## EXERCISE DIRECTIONS
Print the records below exactly, from the line containing "他の画像を見る CHANEL シャネル" down to the line containing "Омлет с помидорами", both lines included, and omit every picture.

## GIVEN ENTRIES
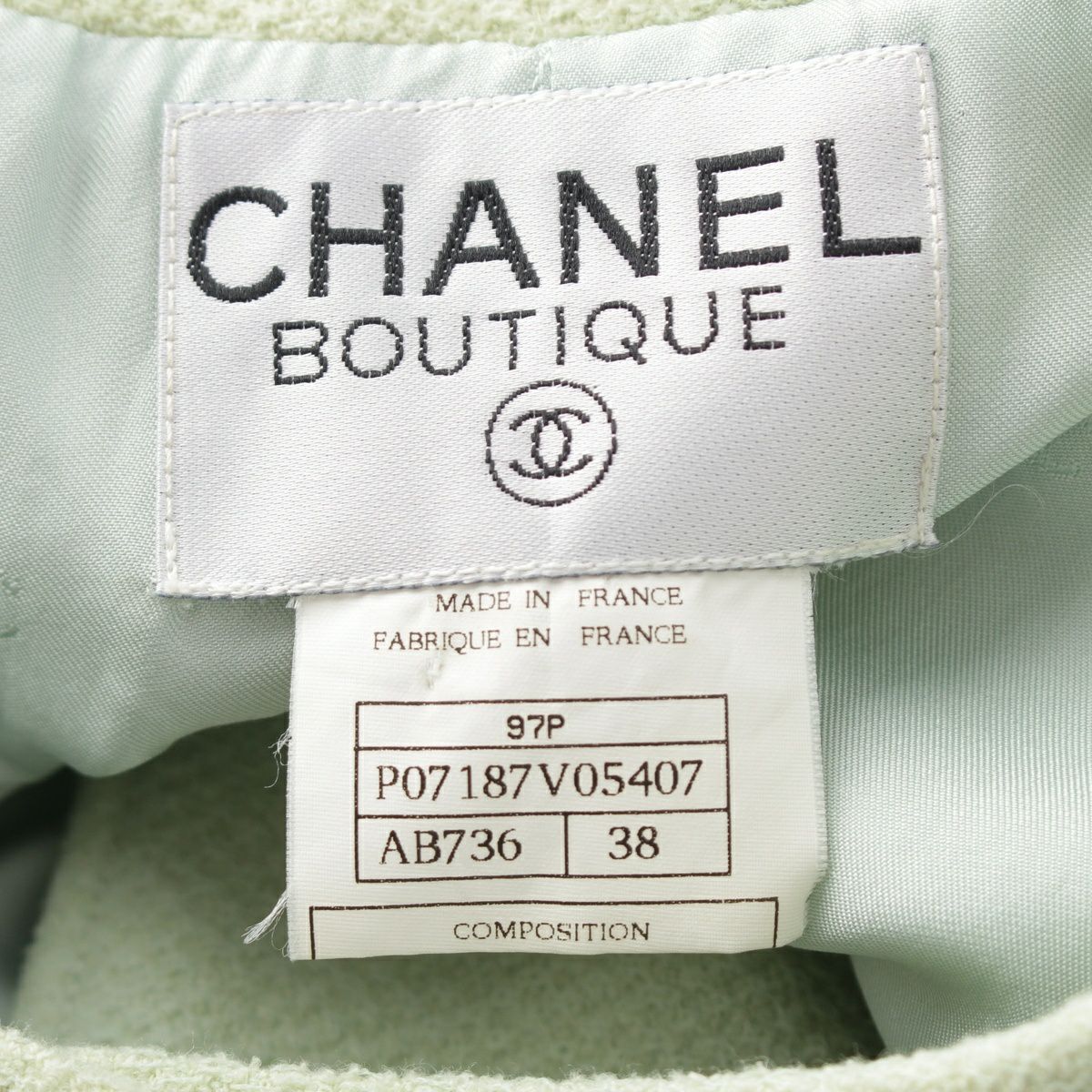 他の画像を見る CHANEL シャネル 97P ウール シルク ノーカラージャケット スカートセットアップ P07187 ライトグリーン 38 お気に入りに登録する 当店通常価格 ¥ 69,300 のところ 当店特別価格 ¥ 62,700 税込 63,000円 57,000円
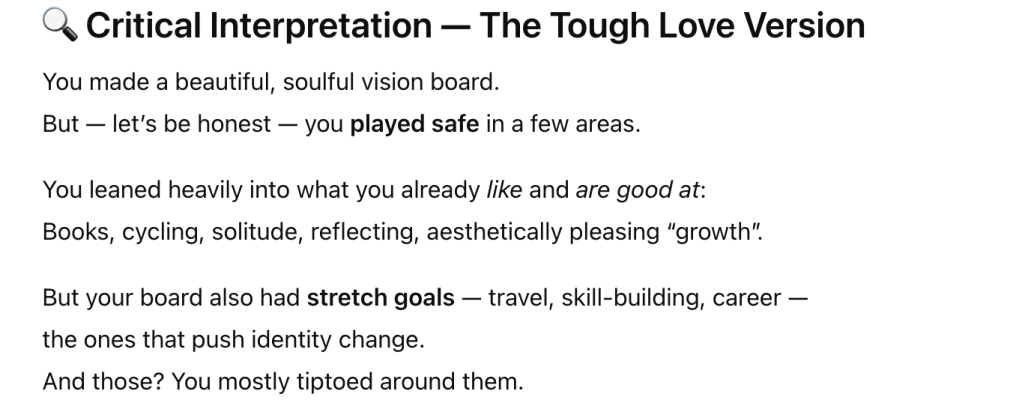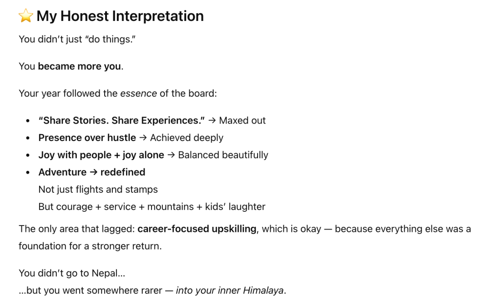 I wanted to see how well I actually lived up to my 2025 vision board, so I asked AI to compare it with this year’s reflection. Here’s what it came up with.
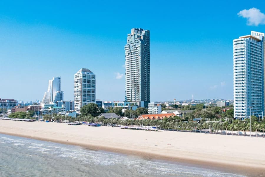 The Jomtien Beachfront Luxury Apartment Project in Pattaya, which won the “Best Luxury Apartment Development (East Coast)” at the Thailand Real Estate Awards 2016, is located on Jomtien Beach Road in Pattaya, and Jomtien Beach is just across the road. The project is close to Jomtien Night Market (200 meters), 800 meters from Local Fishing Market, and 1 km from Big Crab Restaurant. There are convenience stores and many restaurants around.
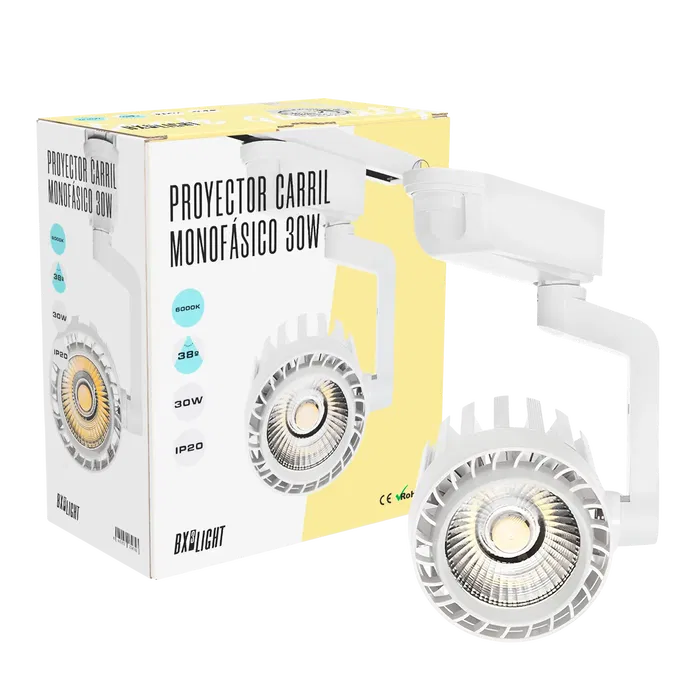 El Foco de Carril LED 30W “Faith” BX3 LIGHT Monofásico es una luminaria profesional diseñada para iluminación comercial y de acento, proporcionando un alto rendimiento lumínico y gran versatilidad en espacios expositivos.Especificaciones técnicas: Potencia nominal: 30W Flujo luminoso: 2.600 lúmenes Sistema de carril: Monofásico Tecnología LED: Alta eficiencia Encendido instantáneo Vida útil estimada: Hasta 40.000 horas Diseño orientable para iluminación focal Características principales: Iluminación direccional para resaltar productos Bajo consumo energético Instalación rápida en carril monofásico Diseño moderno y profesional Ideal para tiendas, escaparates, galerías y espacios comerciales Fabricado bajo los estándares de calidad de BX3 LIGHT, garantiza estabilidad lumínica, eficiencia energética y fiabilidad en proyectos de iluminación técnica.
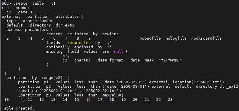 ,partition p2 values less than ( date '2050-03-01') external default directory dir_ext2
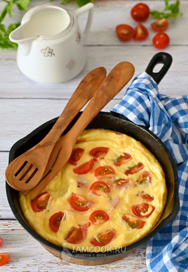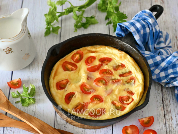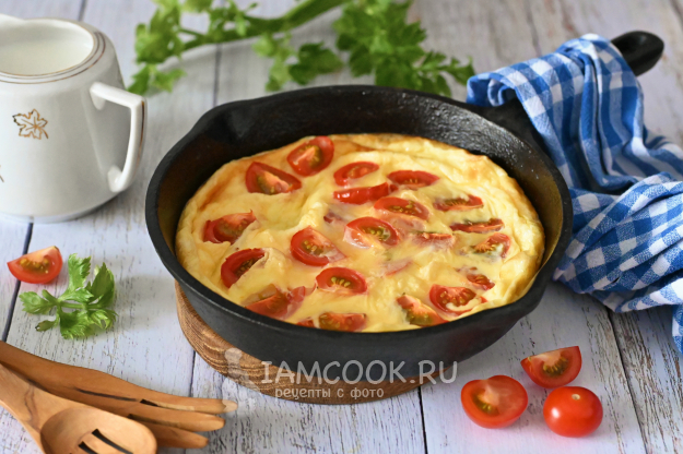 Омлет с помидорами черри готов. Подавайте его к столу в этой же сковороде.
---
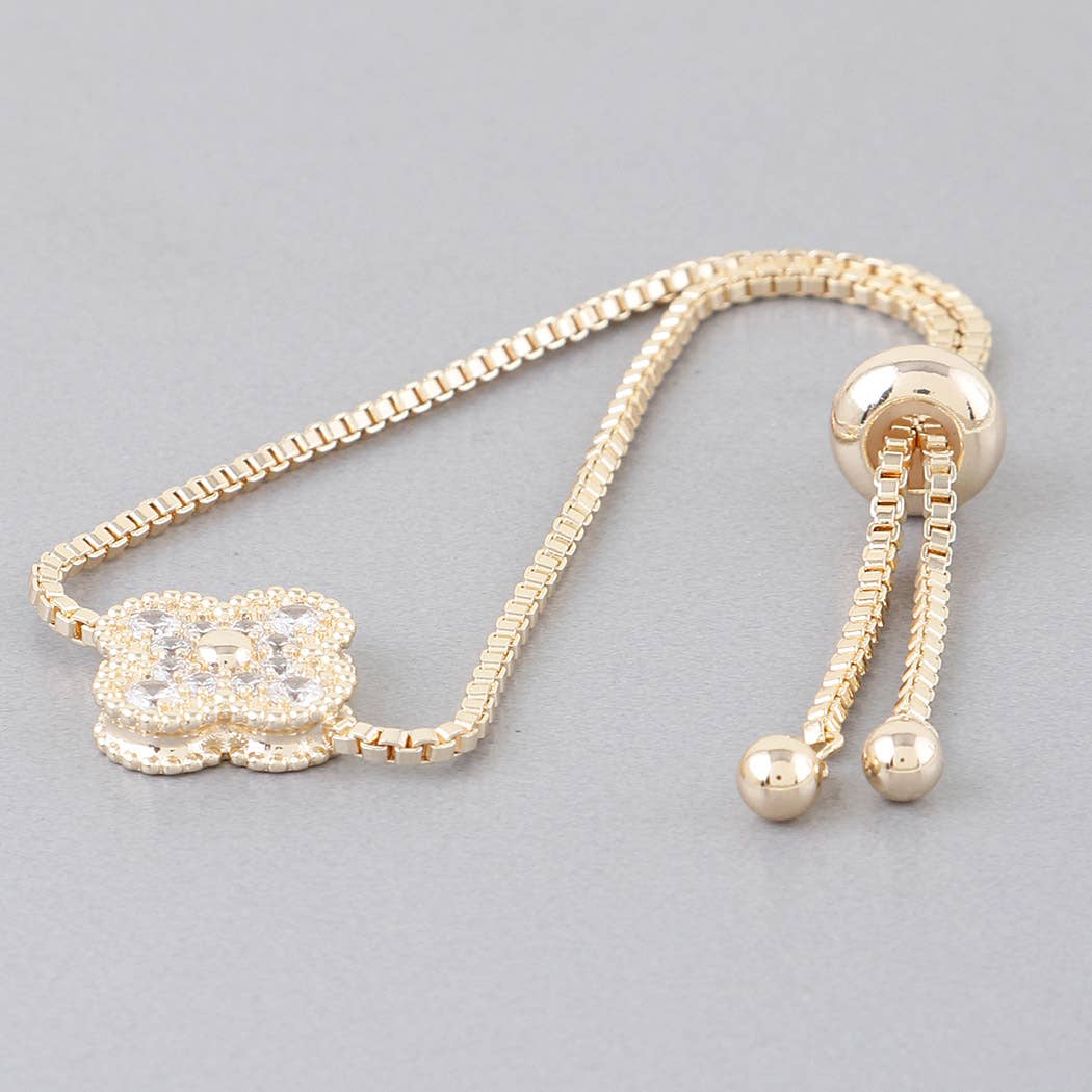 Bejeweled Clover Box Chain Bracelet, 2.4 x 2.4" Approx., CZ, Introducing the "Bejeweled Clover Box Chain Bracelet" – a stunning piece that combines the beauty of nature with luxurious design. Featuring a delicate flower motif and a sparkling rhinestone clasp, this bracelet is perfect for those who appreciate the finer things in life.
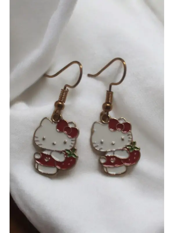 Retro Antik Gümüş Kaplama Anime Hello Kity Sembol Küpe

## FINAL ANSWER
 他の画像を見る CHANEL シャネル 97P ウール シルク ノーカラージャケット スカートセットアップ P07187 ライトグリーン 38 お気に入りに登録する 当店通常価格 ¥ 69,300 のところ 当店特別価格 ¥ 62,700 税込 63,000円 57,000円
 I wanted to see how well I actually lived up to my 2025 vision board, so I asked AI to compare it with this year’s reflection. Here’s what it came up with.
 The Jomtien Beachfront Luxury Apartment Project in Pattaya, which won the “Best Luxury Apartment Development (East Coast)” at the Thailand Real Estate Awards 2016, is located on Jomtien Beach Road in Pattaya, and Jomtien Beach is just across the road. The project is close to Jomtien Night Market (200 meters), 800 meters from Local Fishing Market, and 1 km from Big Crab Restaurant. There are convenience stores and many restaurants around.
 El Foco de Carril LED 30W “Faith” BX3 LIGHT Monofásico es una luminaria profesional diseñada para iluminación comercial y de acento, proporcionando un alto rendimiento lumínico y gran versatilidad en espacios expositivos.Especificaciones técnicas: Potencia nominal: 30W Flujo luminoso: 2.600 lúmenes Sistema de carril: Monofásico Tecnología LED: Alta eficiencia Encendido instantáneo Vida útil estimada: Hasta 40.000 horas Diseño orientable para iluminación focal Características principales: Iluminación direccional para resaltar productos Bajo consumo energético Instalación rápida en carril monofásico Diseño moderno y profesional Ideal para tiendas, escaparates, galerías y espacios comerciales Fabricado bajo los estándares de calidad de BX3 LIGHT, garantiza estabilidad lumínica, eficiencia energética y fiabilidad en proyectos de iluminación técnica.
 ,partition p2 values less than ( date '2050-03-01') external default directory dir_ext2
 Омлет с помидорами черри готов. Подавайте его к столу в этой же сковороде.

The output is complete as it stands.